There are no acute inhalation or dermal toxicity data for [3-(2,3-epoxypropoxy)propyl]triethoxysilane or its hydrolysis product, 2,3-dihydroxypropoxypropylsilanetriol, so good quality data for the related substance [3-(2,3-epoxypropoxy)propyl]trimethoxysilane have been used as read across. Justification of read-across is provided in the document attached in Section 13.

[3-(2,3-epoxypropoxy)propyl]triethoxysilane hydrolyses in contact with water (half-life predicted to be approximately 12-36 hours at pH 7), generating ethanol and 2,3-dihydroxypropoxypropylsilanetriol whereas the read across substance [3-(2,3-epoxypropoxy)propyl]trimethoxysilane hydrolyses faster (6.5 hours at pH 7) into 2,3-dihydroxypropoxypropylsilanetriol and methanol.

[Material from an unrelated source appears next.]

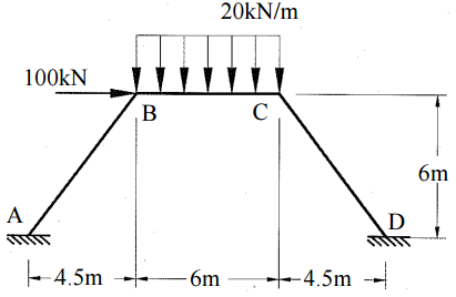 【已刪除】三、圖示之剛架(rigid frame),各桿 EI 相同,試求解各桿端彎矩,(18 分)並繪其彎 矩圖。(7 分)(本題可視為對稱及反對稱之合成)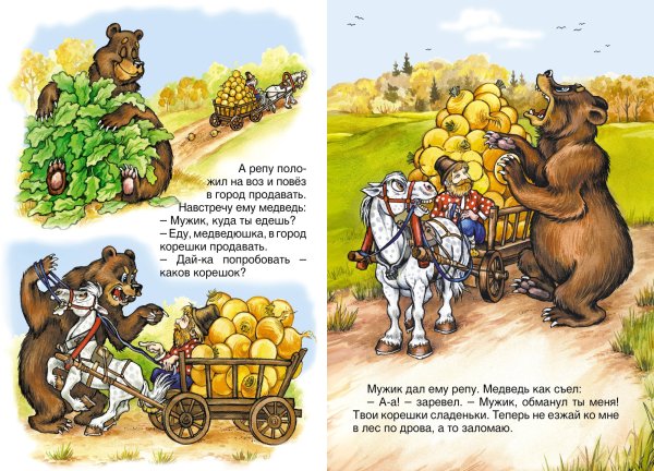 Сказка "Мужик и медведь" — это захватывающий рассказ о необычной дружбе между простым мужиком и добрым медведем. Волшебные иллюстрации, которые сопровождают эту историю, позволяют читателю окунуться в мир сказочных приключений и пережить все эмоции героев. Они передают теплоту и искренность отношений между главными героями, а также создают уютную атмосферу сказочного леса. Каждая иллюстрация яркая и неповторимая, словно оживший кадр из самого настоящего мультфильма. Благодаря этим великолепным иллюстрациям, сказка "Мужик и медведь" становится еще более привлекательной для детей и взрослых, позволяя полностью погрузиться в увлекательный мир фантазии и волшебства.

At 37.5°C (relevant for inhalation exposure), the corresponding half-lives are 2.3 and 4 -13 hours, respectively (see Section 5.1.2). The registered substance and the read-across substance therefore generate a common silanol hydrolysis product, and ethanol and methanol, respectively. Ethanol and methanol are not acutely harmful to rats. For the purpose of assessing acute toxicity via the inhalation route by read across, the hydrolysis rate of both parent materials is similar enough in that the half-life exceeds the exposure time, therefore initial exposure is mainly to parent material.

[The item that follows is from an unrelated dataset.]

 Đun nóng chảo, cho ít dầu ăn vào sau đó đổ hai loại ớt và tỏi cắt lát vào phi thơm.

In addition to the read across, a reliable acute toxicity oral study is available for the registration substance (RCC, 1994); the LD50value is above 2000 mg/kg bw/day and showed no indication of significant clinical or systemic effects following a single dose, except at very high dose levels well in excess of the highest dose level in current guidelines for acute toxicity.

 

It is therefore considered appropriate to read-across acute inhalation and dermal data from the trimethoxy to the triethoxy analogue. Additional information is given in a supporting report (Peter Fisk Associates, 2013q), attached in Section 13 of the IUCLID dossier.

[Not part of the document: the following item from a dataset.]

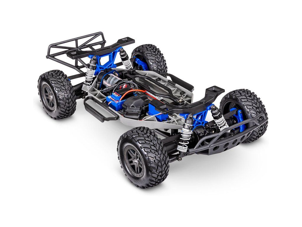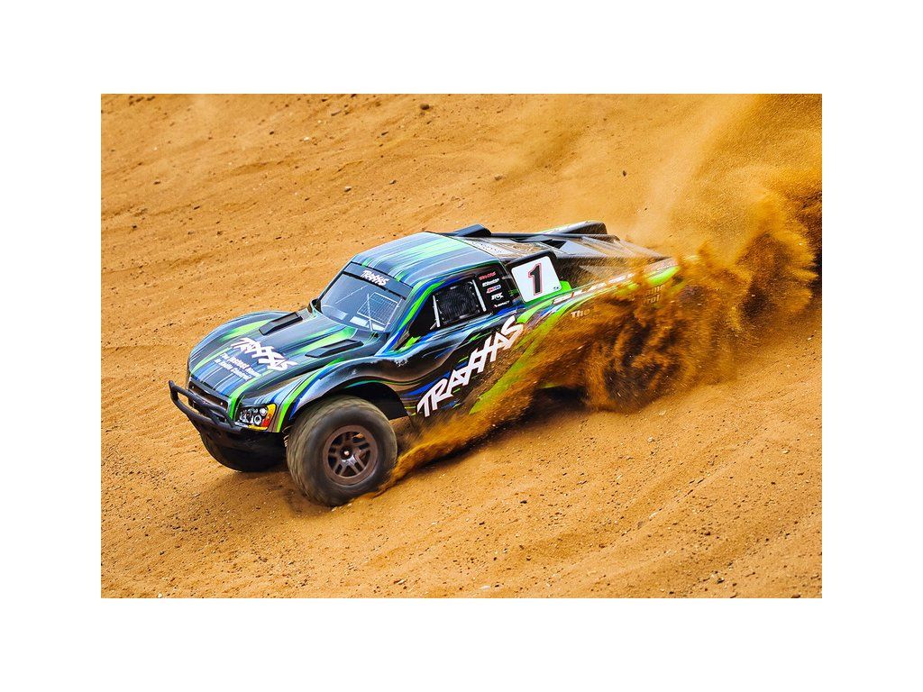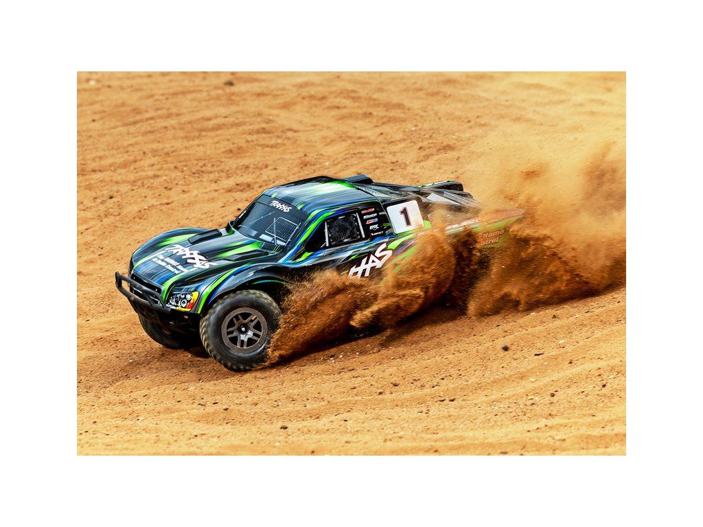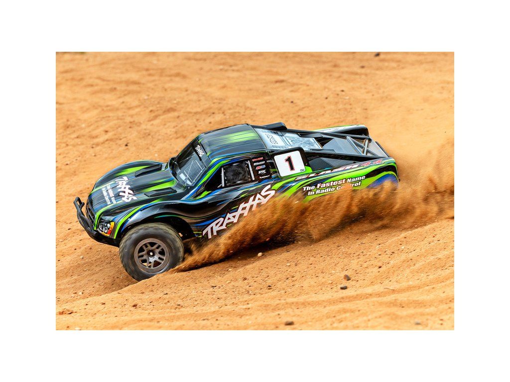 RC model auta Traxxas Slash 1:10 BL-2S 4WD RTR s pohonem všech kol. Obsahuje střídavý motor s regulátorem BL-2S, komponenty pro vysokou odolnost - Extreme Heavy Duty a bezsponkouvou karoserii. RC souprava TQ 2.4GHz. Rychlost až 56 km/h.

Justification for selection of acute toxicity – oral endpoint
The selected study is the only available acute oral toxicity study for the registered substance. It was conducted in accordance with an appropriate OECD Test Guideline 401 and in compliance with GLP.

Justification for selection of acute toxicity – inhalation endpoint
The selected study is the only reliable acute inhalation study available for the most relevant surrogate substance. It was conducted in accordance with an equivalent OECD Test Guideline 406 and in compliance with GLP.

Justification for selection of acute toxicity – dermal endpoint
The selected study is the only reliable acute dermal toxicity study available for the most relevant surrogate substance. It pre-dated both OECD guidelines and GLP but was conducted according to a protocol that was similar to OECD 402.

Justification for classification or non-classification

Based on the available acute oral and read-across inhalation data [3-(2,3-epoxypropoxy)propyl]triethoxysilane is not classified for acute toxicity according to Regulation (EC) No 1272/2008.